If you want to receive updates from Lance and I, we’re both on Twitter now. Simply go to www.twitter.com/lancearmstrong to start following Lance’s updates, and go to www.twitter.com/trainright (ChrisCarmichael was already taken) to follow mine.

Honestly, once Lance gets a bit faster on the road, I’m going to have to start getting in the car earlier during his training rides. Last weekend I rode with Lance and Taylor Phinney during the Livestrong Challenge in Austin, Texas, and Lance dropped the hammer with about 15 miles to go. Mini-Phinney stayed with him, not surprisingly because he has a phenomenal engine, but this old man was jettisoned like last week’s leftovers. I can handle getting dropped by those two, though. I’m happy to be in the shape I’m in and though I considered a comeback myself (just kidding), Lance better be able to drop me or I’m not doing a very good job as his coach.

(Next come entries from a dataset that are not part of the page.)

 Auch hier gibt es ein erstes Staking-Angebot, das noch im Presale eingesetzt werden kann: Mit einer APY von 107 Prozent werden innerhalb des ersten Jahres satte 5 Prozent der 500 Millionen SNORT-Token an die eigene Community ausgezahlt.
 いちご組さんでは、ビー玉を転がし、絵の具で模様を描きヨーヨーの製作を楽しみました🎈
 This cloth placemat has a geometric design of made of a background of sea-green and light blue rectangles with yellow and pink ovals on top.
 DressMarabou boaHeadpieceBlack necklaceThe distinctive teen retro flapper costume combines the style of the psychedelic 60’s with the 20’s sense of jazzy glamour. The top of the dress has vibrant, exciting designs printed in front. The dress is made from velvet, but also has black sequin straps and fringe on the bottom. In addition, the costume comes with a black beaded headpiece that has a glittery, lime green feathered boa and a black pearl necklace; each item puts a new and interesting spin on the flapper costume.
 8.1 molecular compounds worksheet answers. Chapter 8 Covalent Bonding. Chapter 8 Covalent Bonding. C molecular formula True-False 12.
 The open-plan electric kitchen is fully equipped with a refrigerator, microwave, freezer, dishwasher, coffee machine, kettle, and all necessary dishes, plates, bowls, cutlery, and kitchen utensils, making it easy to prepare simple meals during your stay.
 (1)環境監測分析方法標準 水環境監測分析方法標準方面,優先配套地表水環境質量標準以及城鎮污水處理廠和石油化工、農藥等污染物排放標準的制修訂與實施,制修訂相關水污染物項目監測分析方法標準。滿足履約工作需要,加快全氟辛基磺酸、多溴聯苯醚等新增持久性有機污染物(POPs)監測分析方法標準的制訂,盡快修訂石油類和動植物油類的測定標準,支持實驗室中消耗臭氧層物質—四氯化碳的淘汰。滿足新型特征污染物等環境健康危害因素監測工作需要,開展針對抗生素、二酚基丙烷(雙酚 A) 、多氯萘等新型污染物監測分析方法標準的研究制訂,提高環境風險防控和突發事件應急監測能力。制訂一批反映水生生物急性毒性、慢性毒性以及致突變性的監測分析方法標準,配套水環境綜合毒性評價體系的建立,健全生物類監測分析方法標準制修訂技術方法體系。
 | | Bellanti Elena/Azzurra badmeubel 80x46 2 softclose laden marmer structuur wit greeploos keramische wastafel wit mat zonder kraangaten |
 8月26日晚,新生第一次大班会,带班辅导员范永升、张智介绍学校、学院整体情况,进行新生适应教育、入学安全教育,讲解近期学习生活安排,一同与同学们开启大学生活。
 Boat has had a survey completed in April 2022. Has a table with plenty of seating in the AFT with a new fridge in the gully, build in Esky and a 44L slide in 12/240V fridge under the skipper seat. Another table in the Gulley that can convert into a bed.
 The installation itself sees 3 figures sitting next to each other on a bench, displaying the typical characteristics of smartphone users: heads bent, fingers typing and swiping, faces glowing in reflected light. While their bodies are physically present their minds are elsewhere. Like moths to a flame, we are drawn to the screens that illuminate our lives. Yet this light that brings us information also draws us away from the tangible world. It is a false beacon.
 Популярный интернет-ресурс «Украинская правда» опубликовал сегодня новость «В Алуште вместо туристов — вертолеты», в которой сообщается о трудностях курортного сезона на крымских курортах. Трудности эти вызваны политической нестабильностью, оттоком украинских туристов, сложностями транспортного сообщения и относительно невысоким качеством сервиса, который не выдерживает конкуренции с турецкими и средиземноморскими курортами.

This coming Saturday, Lance will compete in a relatively short individual time trial at the Tour de Greuene in Texas, and with his good friend John Korioth, aka “College”, in a 44-kilometer two-man team time trial on Sunday. He first did this event as an exhibition with Eddy Merckx in 1996, while he was still battling cancer, and Lance and Kevin Livingston finished second in the two-man time trial in 1997. It’s a far cry from a Tour de France time trial, but I think it will be a good training event for Lance. From a coaching perspective I’ll be less focused on his power output and more interested in his attitude and his impression of his performance.

Once Lance gets through mid-November, his schedule will open up considerably because he’ll be done with most of the events he put onto his schedule before announcing his comeback. Then he’ll be able to further increase his focus on training and preparing for his return to elite-level competition. This will include some long motorpacing sessions in December to expose him to long periods of time at race speed, and an Astana team camp early in the month.

August to January is a short time to go from a fit-but-retired athlete to an elite-level pro, but Lance is well on his way to doing just that. He’s making great progress, especially considering the extremely high number of commitments he’s had to juggle for the past few months. The lives of pro athletes are somewhat simpler than most people’s, and while Lance’s life will never be as simple as it was back when he was a young pro in 1993, I’m looking forward to the days when he has a little less on his plate. They’re coming soon.